By Dixie Andelin Forsyth, 06/26/2020
When I was little, going to a movie was a rare and expensive occasion, and now anyone can watch movies in their own home at the press of a remote button. Cars used to be terrible gas-guzzlers and often didn’t have seat belts or tinted windows; now driving is safer and a lot more comfortable too. So many things in life are better than when I was a kid, but there’s something old and lovely that’s slipping through our fingers, something that hasn’t gotten better over time: the tradition of a home-cooked meal.
If you’re lucky, you grew up with a mother, aunt, grandma or some other wonderful person that cooked fresh meals for you, and you knew the comfort of biting into something hot, delicious and satisfying in a way restaurant meals have never been able to equal. Has this feeling become one of nostalgia and longing for you, or are you keeping that torch burning for yourself and those you love?

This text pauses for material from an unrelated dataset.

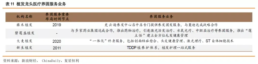 植发行业的特点在于消费者基本无复购需求,二次植发的消费者占比极低,当前龙头机构对外宣称的植发成活率已达到95%,随着技术的迭代及医师逐渐成熟,预计未来行业的成活率将持续维持较高水平。植发产业链逐渐延伸,从纯粹的植发向养发固发领域发展,普通头皮问题、脱发、毛发细软、斑秃发际线后退等头发问题,植发机构均可提供相应解决方案,养固服务业务线有利于多元化收入来源。新生医疗2011年推出TDDP植养护体系,2015年建立“全方位毛发养护管理体系”,提供“植发-养发-护发”一体化服务。雍禾医疗为造访医疗机构的患者提供一站式毛发医疗服务,通过就诊检测与诊断来判断患者头皮毛发问题严重程度,提供针对性的解决方案。针对脱发程度较轻不用植发的顾客,可推荐激光治疗、清洁护理等服务,并搭配公司的洗护产品、配方药品及居家礼盒销售,提升到店客户销售转化率。进而帮助公司从医美植发领域拓展至生美、日化领域,渗透广阔的养发固发市场,实现多层级市场参与渗透。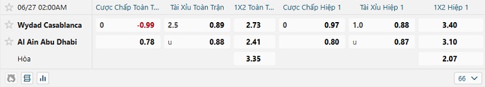 Bảng tỷ lệ kèo bóng đá Wydad Casablanca vs Al Ain

I know, sometimes it’s hard to muster the energy to create an entire meal from scratch, especially if you’ve already had a long workday. There are times when you really do need to just rest and order Chinese takeout. But you can absolutely enjoy the art of the well-prepared family meal and even find hidden stores of energy and motivation in your soul that will help you keep the tradition alive.
Here are some reasons why:
1. Cooking is a wonderful CREATIVE OUTLET. Any day, any meal is a wonderful opportunity for you to think outside the box and create something wonderful that you can be proud of. And that’s just the beginning of the satisfaction you’ll achieve, because being creative is a great way to decrease stress and enhance your feeling of well-being. In my Timeless book, there is a section teaching how to help yourself (and those you care about) “upstairs”, where all the happy hormones are. Cooking covers several of the tips I outlined; in addition to creativity, cooking helps DISTRACT you from your worries, giving you something productive to do with your mind. It can also be a form of exercise, especially if you knead bread! And if you cook with a grateful heart, you’re just adding to the benefits and getting upstairs much quicker.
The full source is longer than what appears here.